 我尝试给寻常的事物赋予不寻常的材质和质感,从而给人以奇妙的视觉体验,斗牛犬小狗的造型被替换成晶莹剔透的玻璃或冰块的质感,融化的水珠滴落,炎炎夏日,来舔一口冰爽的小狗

○ ○ ○ ○ ○ ○ ○

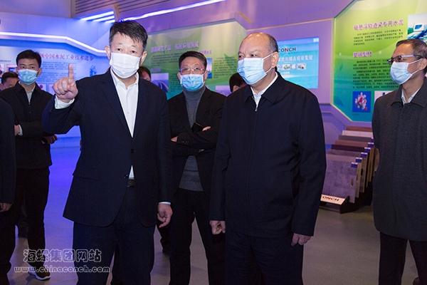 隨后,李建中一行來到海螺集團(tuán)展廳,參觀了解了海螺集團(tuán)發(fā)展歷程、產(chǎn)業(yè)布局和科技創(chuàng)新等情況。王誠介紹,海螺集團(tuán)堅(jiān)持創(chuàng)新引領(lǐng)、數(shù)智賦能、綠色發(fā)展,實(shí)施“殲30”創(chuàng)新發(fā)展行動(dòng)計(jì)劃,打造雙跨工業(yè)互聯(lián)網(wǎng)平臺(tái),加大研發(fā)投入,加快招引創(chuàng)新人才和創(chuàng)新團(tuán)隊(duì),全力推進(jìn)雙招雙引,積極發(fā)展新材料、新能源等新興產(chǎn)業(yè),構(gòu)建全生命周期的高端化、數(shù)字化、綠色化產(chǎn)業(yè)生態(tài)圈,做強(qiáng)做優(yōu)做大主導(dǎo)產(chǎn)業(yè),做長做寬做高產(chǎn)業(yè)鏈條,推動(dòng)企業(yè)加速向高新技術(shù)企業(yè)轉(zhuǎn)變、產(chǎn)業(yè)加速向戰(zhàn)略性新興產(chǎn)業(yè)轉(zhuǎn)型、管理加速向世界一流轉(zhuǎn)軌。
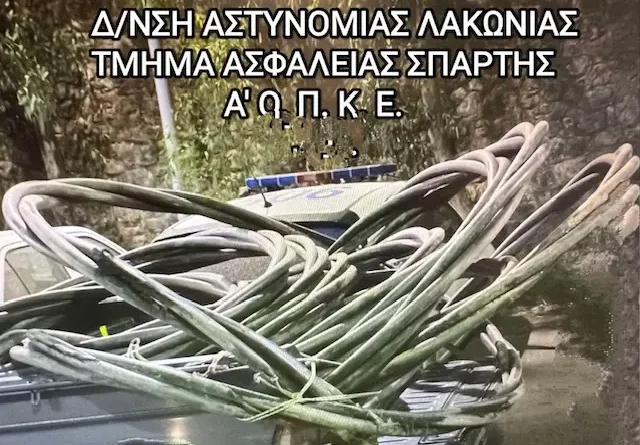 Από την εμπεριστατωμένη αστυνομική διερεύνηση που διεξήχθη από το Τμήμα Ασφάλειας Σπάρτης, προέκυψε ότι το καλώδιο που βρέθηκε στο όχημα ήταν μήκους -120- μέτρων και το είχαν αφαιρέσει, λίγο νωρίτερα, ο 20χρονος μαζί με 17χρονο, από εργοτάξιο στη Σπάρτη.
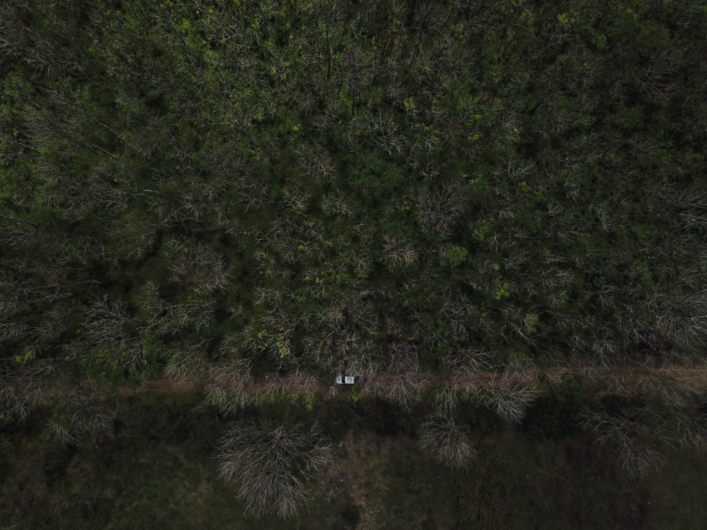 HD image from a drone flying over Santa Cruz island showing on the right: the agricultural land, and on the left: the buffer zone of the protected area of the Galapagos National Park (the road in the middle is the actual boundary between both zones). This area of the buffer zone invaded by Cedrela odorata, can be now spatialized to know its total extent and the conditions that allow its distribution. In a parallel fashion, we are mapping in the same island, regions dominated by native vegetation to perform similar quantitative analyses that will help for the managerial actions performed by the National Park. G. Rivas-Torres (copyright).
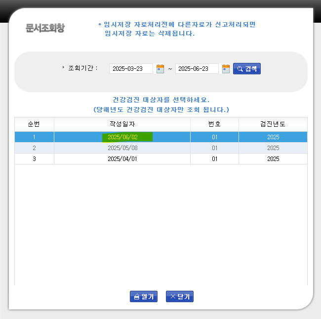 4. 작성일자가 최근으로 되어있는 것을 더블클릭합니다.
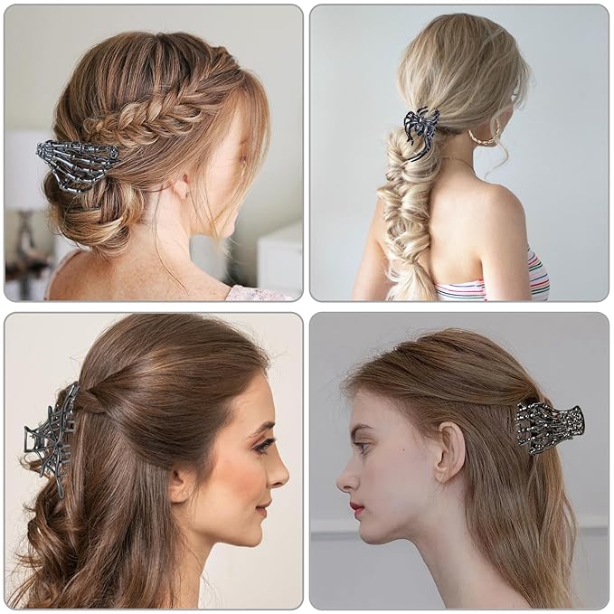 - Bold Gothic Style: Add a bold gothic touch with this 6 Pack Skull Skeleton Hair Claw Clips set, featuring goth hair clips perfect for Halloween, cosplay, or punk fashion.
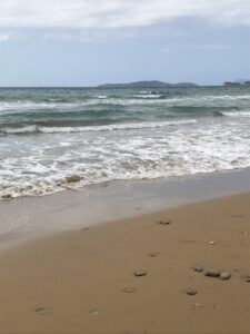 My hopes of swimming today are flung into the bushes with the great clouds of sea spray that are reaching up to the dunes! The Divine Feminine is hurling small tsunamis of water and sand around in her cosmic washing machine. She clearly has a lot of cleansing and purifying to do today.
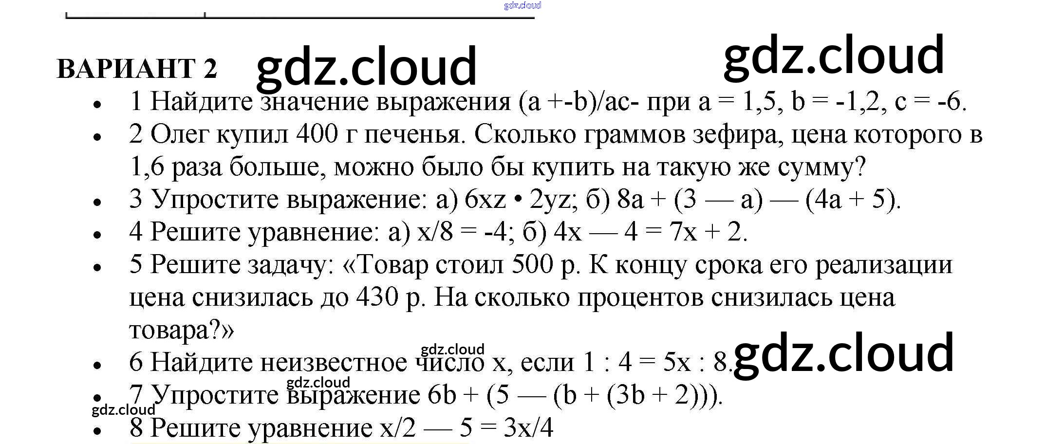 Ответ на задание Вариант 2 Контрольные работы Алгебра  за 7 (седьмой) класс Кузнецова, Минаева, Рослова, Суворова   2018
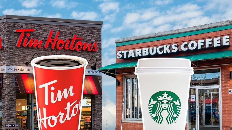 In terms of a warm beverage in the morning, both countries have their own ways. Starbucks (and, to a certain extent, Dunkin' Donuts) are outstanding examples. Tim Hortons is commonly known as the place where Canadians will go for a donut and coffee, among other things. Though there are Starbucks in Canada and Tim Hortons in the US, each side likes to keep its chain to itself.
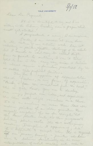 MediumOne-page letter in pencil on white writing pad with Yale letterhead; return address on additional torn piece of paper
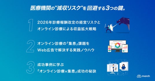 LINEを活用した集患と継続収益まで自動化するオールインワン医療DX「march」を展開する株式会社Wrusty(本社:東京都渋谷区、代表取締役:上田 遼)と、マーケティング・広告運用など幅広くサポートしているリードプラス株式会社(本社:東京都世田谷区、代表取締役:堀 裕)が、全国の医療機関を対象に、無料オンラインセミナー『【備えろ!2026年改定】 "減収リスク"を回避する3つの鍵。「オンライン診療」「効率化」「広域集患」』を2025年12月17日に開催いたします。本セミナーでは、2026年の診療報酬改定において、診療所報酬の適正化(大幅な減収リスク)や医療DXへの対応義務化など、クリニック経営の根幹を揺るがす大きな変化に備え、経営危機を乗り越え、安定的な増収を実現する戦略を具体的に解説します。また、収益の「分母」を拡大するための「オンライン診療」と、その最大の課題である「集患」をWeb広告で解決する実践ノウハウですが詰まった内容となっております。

○ ○ ○ ○ ○ ○ ○

* **Assignment**
Word for word, retype the lines in the entries above that run from the one with "4. 작성일자가 최근으로 되어있는 것을 더블클릭합니다." through the one with "- Bold Gothic". Both ends count; pictures do not.

* **Task result**
 4. 작성일자가 최근으로 되어있는 것을 더블클릭합니다.
 - Bold Gothic Style: Add a bold gothic touch with this 6 Pack Skull Skeleton Hair Claw Clips set, featuring goth hair clips perfect for Halloween, cosplay, or punk fashion.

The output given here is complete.